------ Material supplied

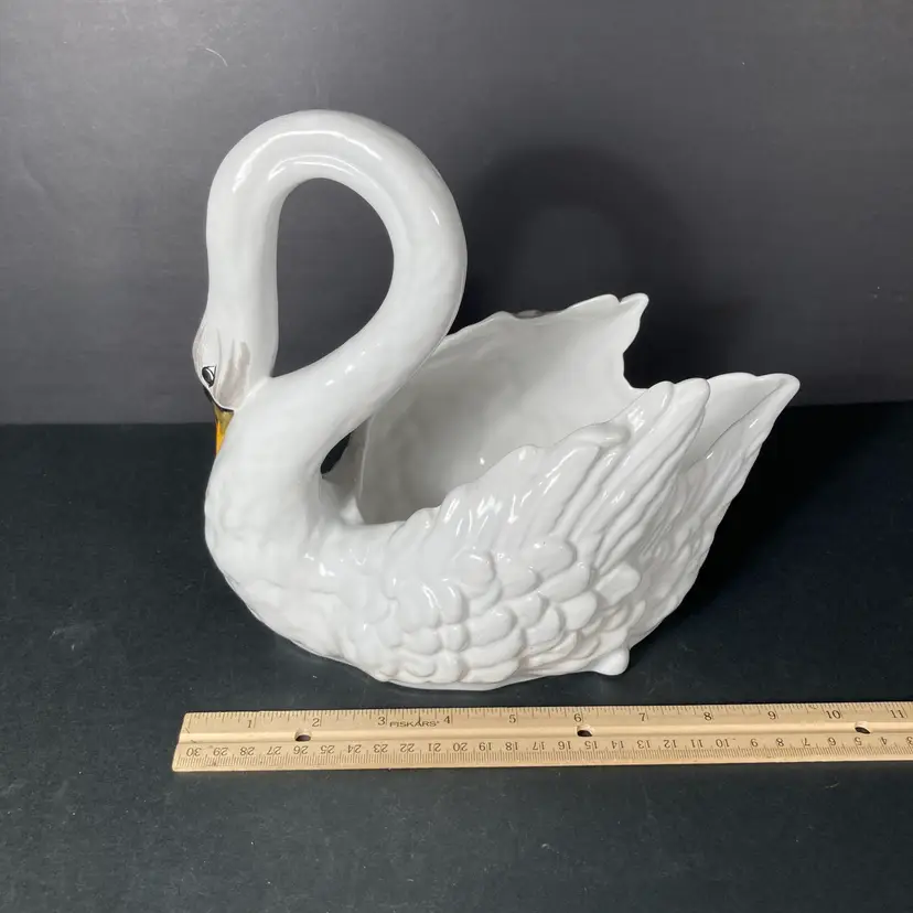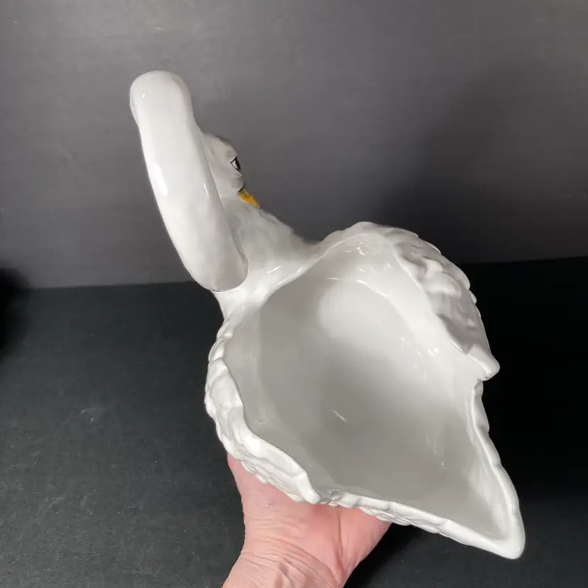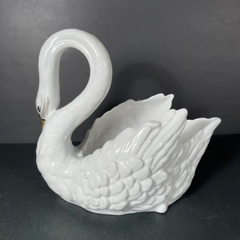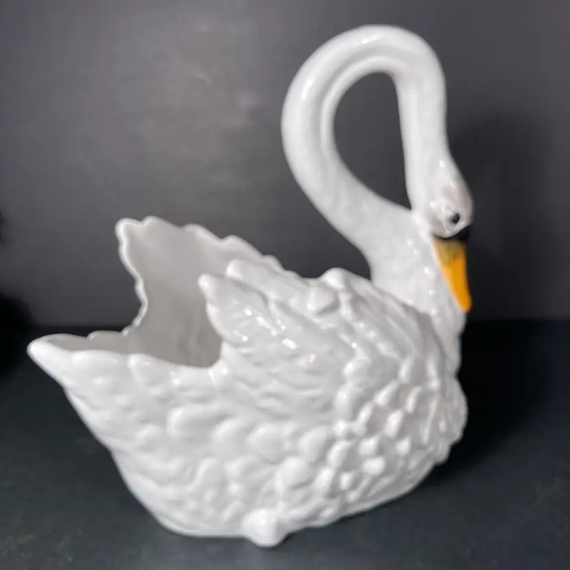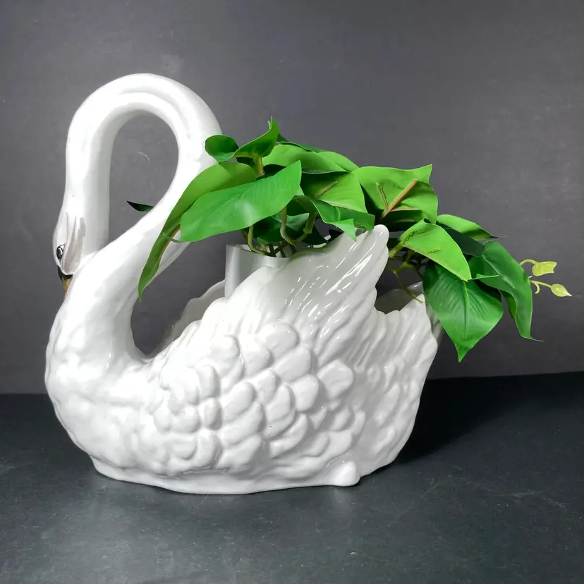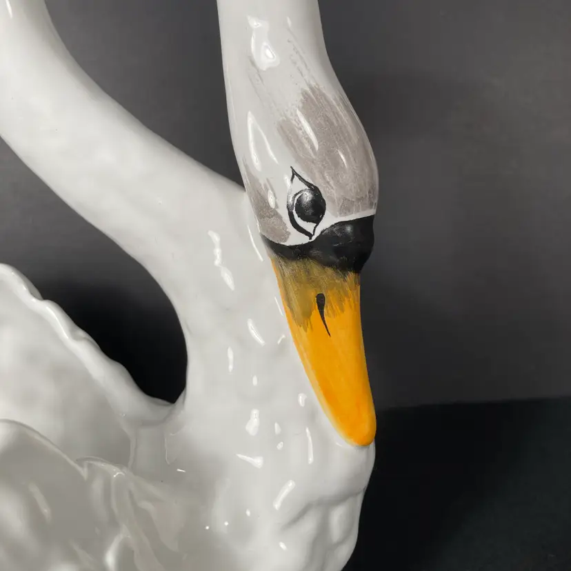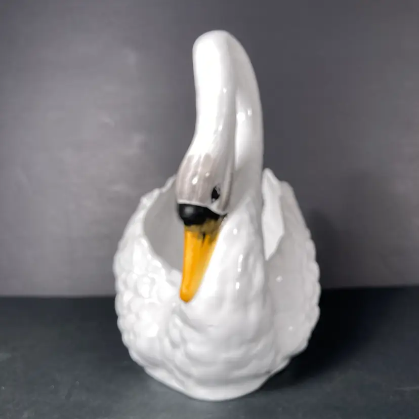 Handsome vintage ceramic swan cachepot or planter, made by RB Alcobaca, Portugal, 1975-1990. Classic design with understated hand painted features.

------------
------ Material supplied

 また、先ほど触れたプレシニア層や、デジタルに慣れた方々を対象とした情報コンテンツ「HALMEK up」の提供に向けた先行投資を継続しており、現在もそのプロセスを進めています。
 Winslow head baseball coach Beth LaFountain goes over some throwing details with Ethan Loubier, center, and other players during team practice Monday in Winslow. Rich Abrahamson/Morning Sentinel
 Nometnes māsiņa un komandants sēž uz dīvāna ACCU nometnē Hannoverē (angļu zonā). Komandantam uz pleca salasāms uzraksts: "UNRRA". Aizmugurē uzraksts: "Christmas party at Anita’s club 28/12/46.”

------------

### Task prompt
Your task is to retype the entries verbatim, starting with the line that holds "Winslow head baseball" and stopping after the line that holds "Nometnes māsiņa un".

### Completed exercise
 Winslow head baseball coach Beth LaFountain goes over some throwing details with Ethan Loubier, center, and other players during team practice Monday in Winslow. Rich Abrahamson/Morning Sentinel
 Nometnes māsiņa un komandants sēž uz dīvāna ACCU nometnē Hannoverē (angļu zonā). Komandantam uz pleca salasāms uzraksts: "UNRRA". Aizmugurē uzraksts: "Christmas party at Anita’s club 28/12/46.”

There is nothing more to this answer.